His eyes blazed. "You could have the common decency," he shouted, "to at least wish me luck."
He could see her ashen face, but she forced a smile.
"Of course, I will, Lou, of course I will." And she walked over and threw her arms suddenly about his neck and kissed him hard on his protesting lips. He untwisted her arms and set her apart.
"Thanks, Marilyn, but I wasn't referring to that kind of luck. But I'm sure you mean well."
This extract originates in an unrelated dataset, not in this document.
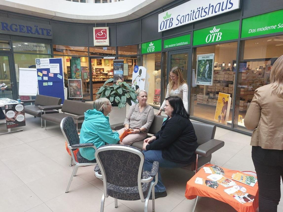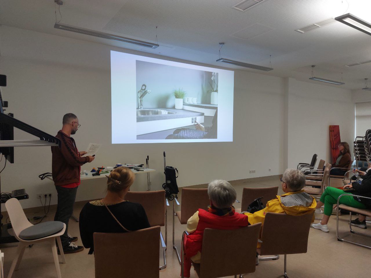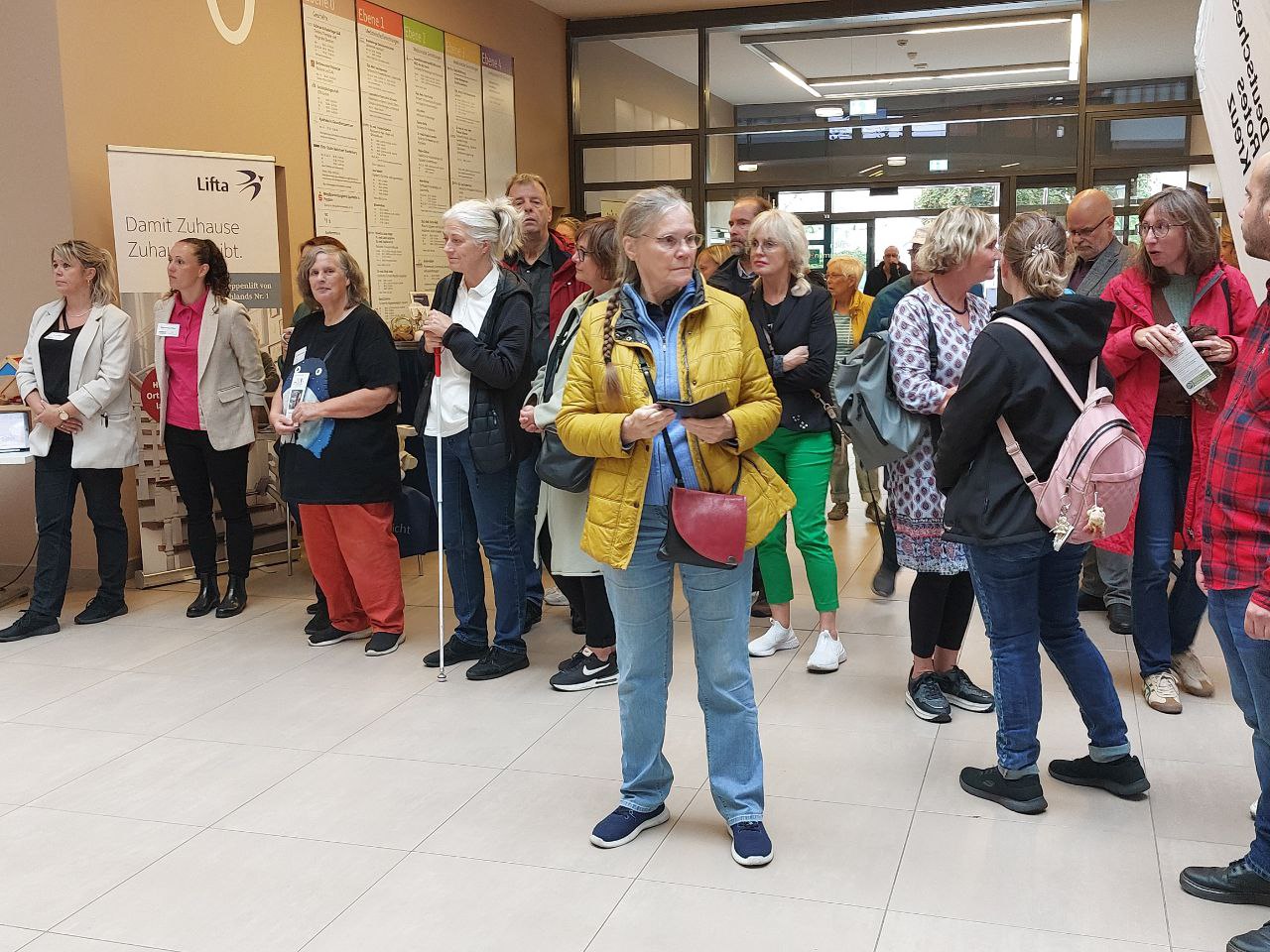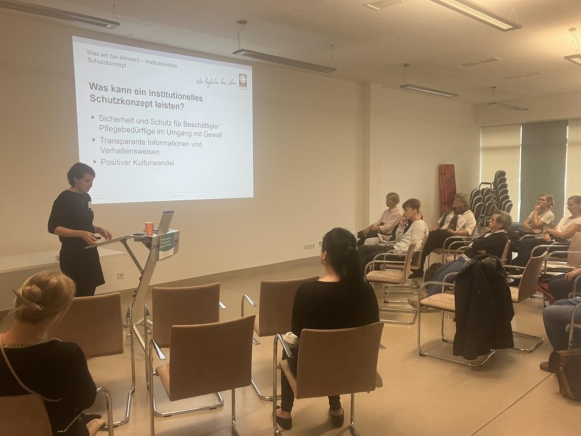 Sehr gut besucht waren auch die beiden Vorträge im Konferenzraum. Sebastian Zeiler vom Pflegestützpunkt der Stadt referierte zum Thema „Wohnraumanpassungen im Fall der Pflege“ und Stefanie König, Einrichtungsleiterin des Caritas-Seniorenzentrums St. Benedikt stellte das Gewaltschutzkonzept ihrer Einrichtung vor und trat zum Thema Grenzüberschreitungen in der Pflege mit den Anwesenden in den Austausch.

She stared at him quietly. For months she had been so close to him-as if he had been her suction cup and now the romantic umbilical cord had become a link torn from her past. Now she was just the other woman-a female filing cabinet to store her memories. He had always been there in her life-waiting ... waiting. Something she could depend on. Then her thinking concentrated on immediate survival. If Lou couldn't do the column, who would? She could hardly afford to remain and complete the series after what she had been through.
In the last twenty-four hours she had been pointed, ungeared, twisted, pushed almost to depravity. And now where was she going? If she left what would she have to come back to having deserted a series before completion. Where to-what next? The impact was enormous and she must talk about it.
Her eyes suddenly roamed pleadingly.
"Lou-you must help me. I can't finish the column," she said.
The idea smelled to him like wet army blankets.
"Get another serf to do your dirty work, Marilyn."
She begged. "Nobody but you can handle it-you're completely familiar with the subject." Her eyes dropped. "You know that Tina girl real well, Lou, don't you?" she asked shyly.
He stared at her with a quick burst of pain. "Yes, I know her very well. And stop pretending and dishing out the innuendos. I know what you know-so we're even. But I'm equally through with her ... for good."
"You stupid, bitch newspaperman," she shouted, "how long do you think you'll last on your new job if I let it get around that you joined those girls in their private pad while you were on the job?" She stood waiting, breathlessly. "Tell me, Lou, how long?" she demanded.
He forced a cool smile to brush back his anger. Marilyn laughed acidly. Lou lit a cigarette and appraised her firmly. He was suddenly in the stiffling gloom of a lousy situation. She could ruin him on his new job and even smash his chance at marriage if he lost the Chicago job.
"All right, Marilyn, all right," he said gravely. "I'll finish it out for you in the next two days. But I want you to know that your whole life has been a he-bred on more lies and more lies until nothing is dear to you. You're lower than a mediocrity." He walked from the office.
Marilyn smiled when he left. She had arranged a lucky escape for herself. Now she could leave town for a few days and let Lou handle the lethal balance of the story.